Wer jedes dieser 19 Fächer mit etwas Garn, Nadeln oder Perlen füllt, um unterwegs den nötigen Bedarf für die Handarbeit dabei zu haben, hat schnell ein pralles Buch in der Hand. So ein schön gemachtes Zhen Xian Bao ist sicher der Stolz mancher Chinesin.



Das kleinere Album hat einen Umschlag aus einem alten schwarzen Leinenrock von mir und einen Verschluss, der wieder von der Bluse aus Vietnam stammt. Besonders raffiniert und „exotisch“ ist die Rückenbindung um zwei Holzleisten.







Die 16 Sternboxen in der Mitte des Buches habe ich aus Geschenkpapier gefaltet. Natürlich lässt sich jede Sternbox öffnen. Unter jeweils Zweien befindet sich eine größere, längliche Schachtel aus Packpapier. Wiederum zwei dieser länglichen Schachteln geben eine größere, quadratische Schachtel frei und je zwei dieser quadratischen Schachteln öffnen sich zu einer großen Schachtel, die über die komplette Buchhöhe geht. Wer mitgerechnet hat, kommt so auf insgesamt 30 Fächer bei der kleineren Mappe. 



Damit bin ich aber noch nicht fertig. Vor und hinter den beidseitigen Schachteleinheiten sind zusätzlich je 3 doppelt gefaltete Seiten eingebunden, die vorne geschlossen, aber oben und unten offen sind. Da hinein kann man nach Art der chinesischen Minderheiten Bänder oder längere gewebte oder bestickte Handarbeiten einschieben, die dann oben und unten aus dem Behälter herausgucken.



Ich bin gespannt, was Ruth schreibt, wenn sie meine modernen Versionen des Zhen Xian Bao sieht.
Mir hat das Durchdenken und Falten nach ihrer Anleitung jedenfalls großen Spaß gemacht.

Wer von euch neugierig geworden ist und sich die Anleitung(en) bestellen will, fragt am besten per eMail in englisch bei Ruth Smith an, ob sie noch Exemplare von „Folded Secrets“ vorrätig hat.

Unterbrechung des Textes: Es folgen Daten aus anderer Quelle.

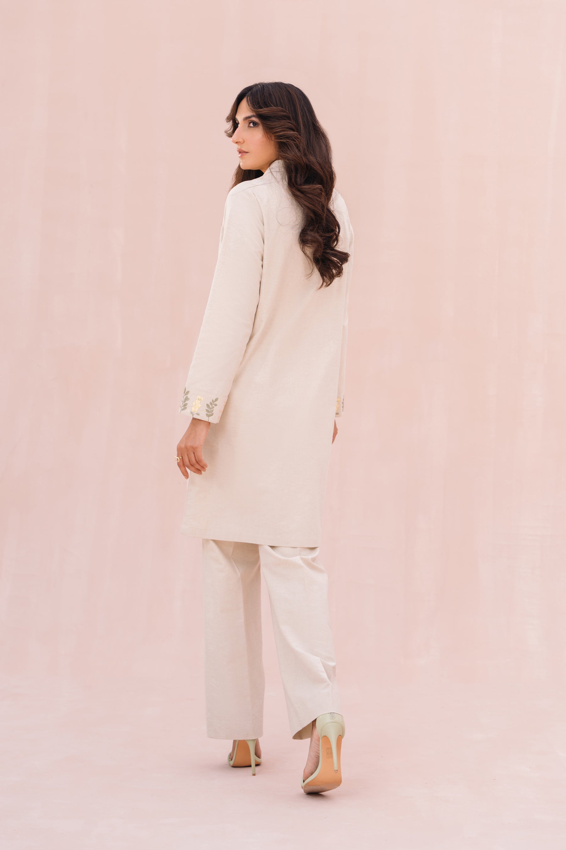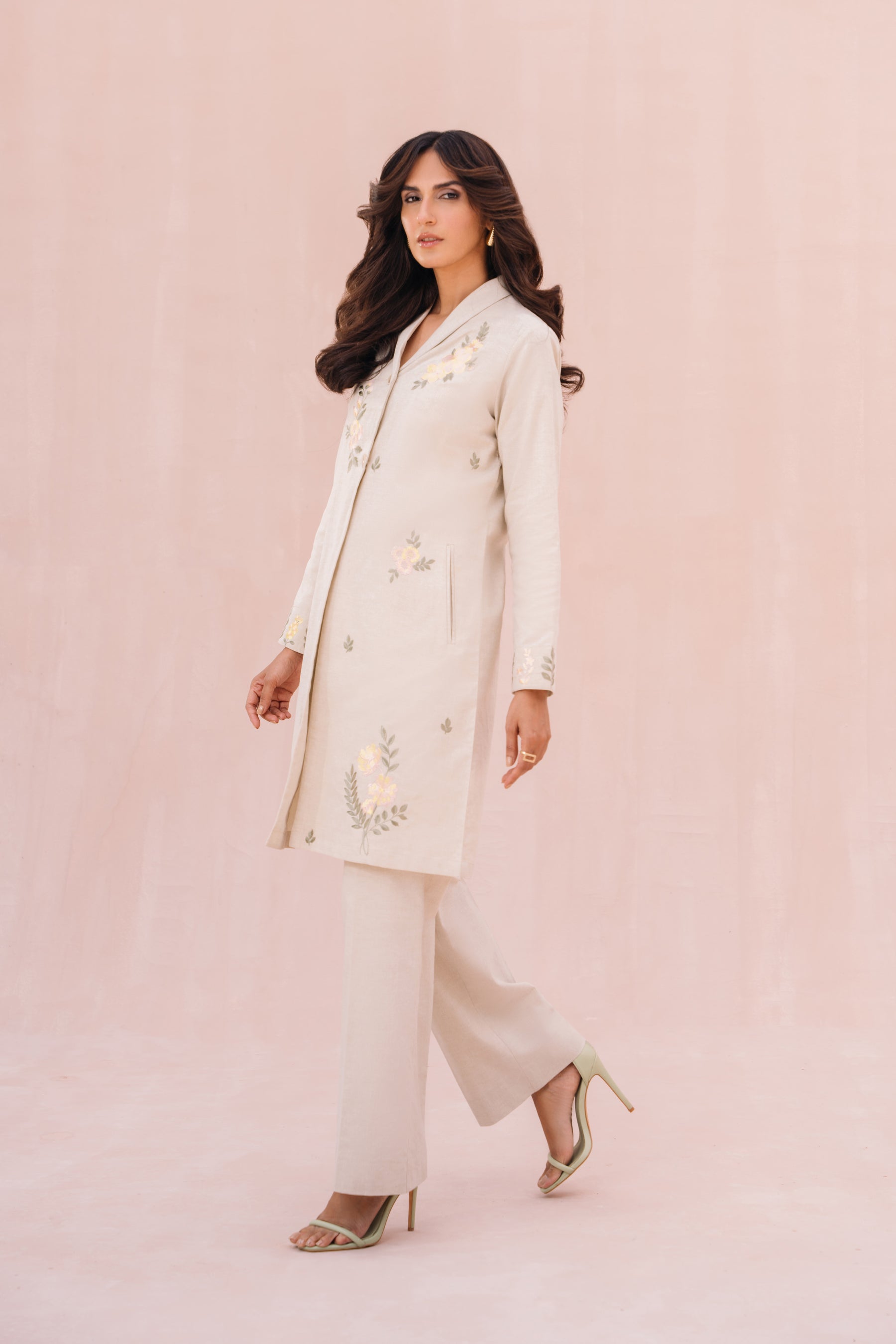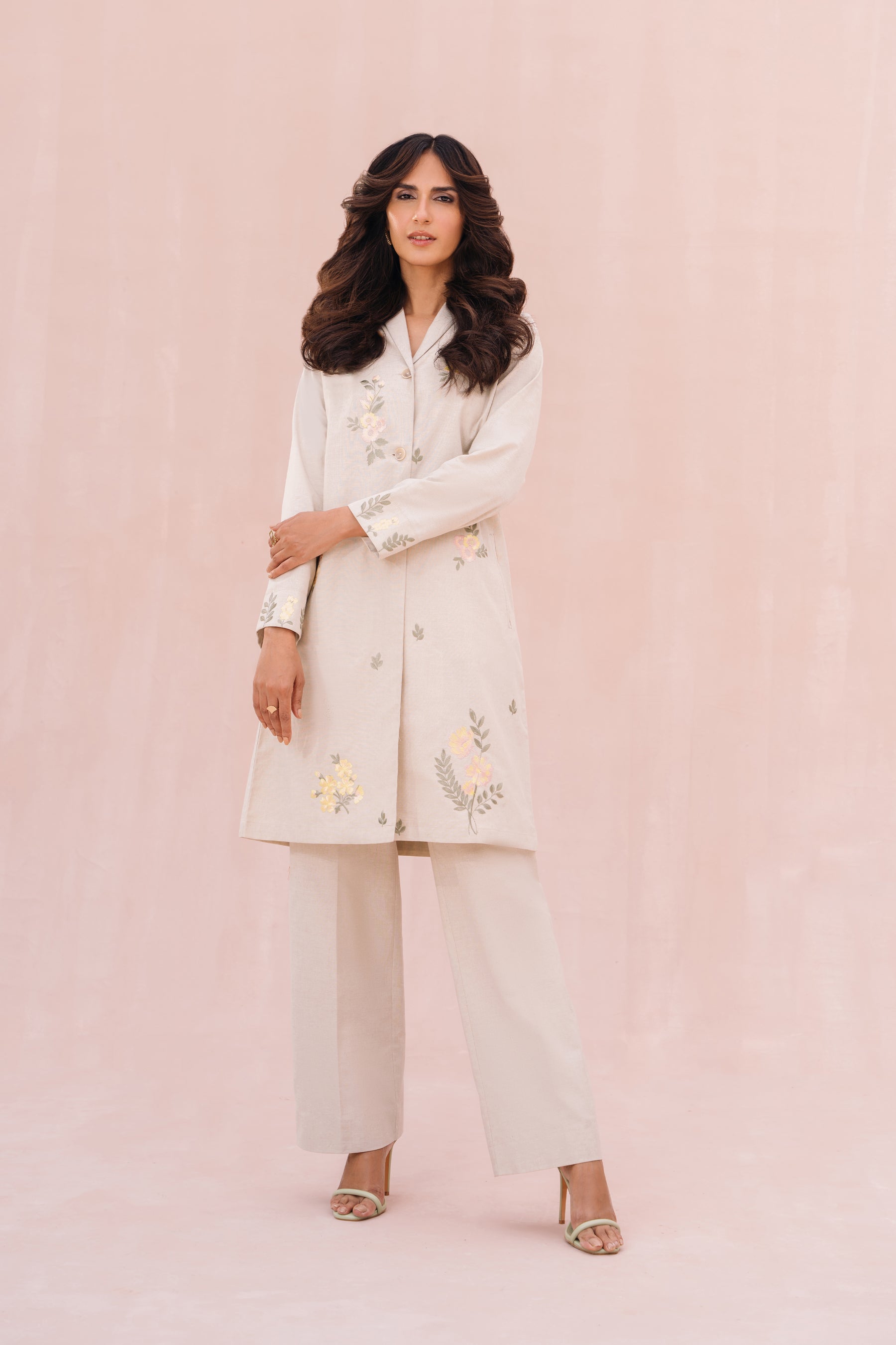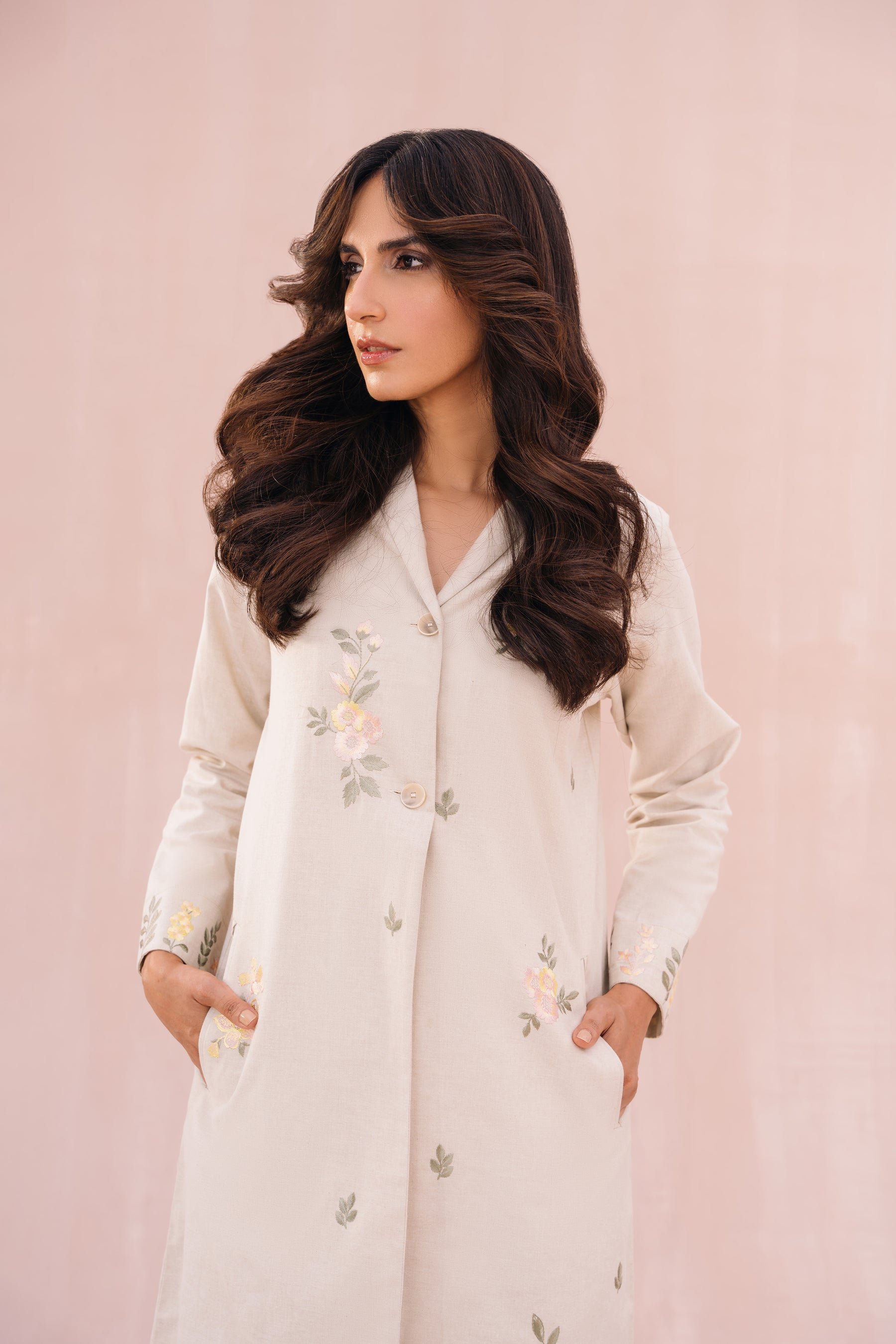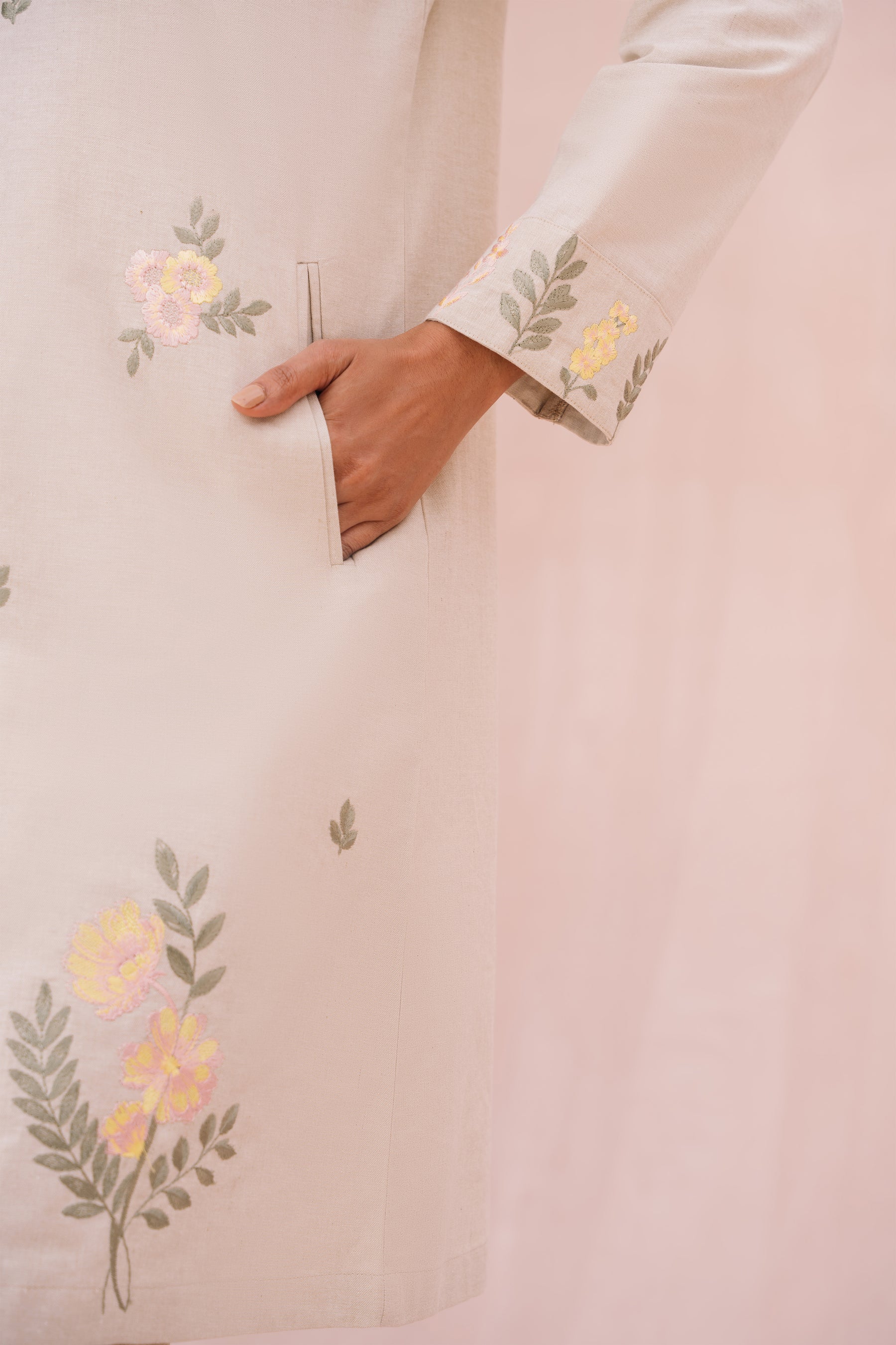- Floral embroidery detail at front & cuff

Bisher wurden 4 Hefte herausgegeben mit Beschreibungen für Mappen in unterschiedlichen Ausführungen, Minibooks, Karten und Geschenkdosen. 

Meine Mappen landen jetzt erst mal bei den anderen Buchbindereien im Regal. Wenn ich alt bin, werde ich sicher auch so stolz darauf sein wie die traditionellen Chinesinnen auf ihre reich bemalten Exemplare, die für mich heute so viel begehrenswerter sind als meine eigenen.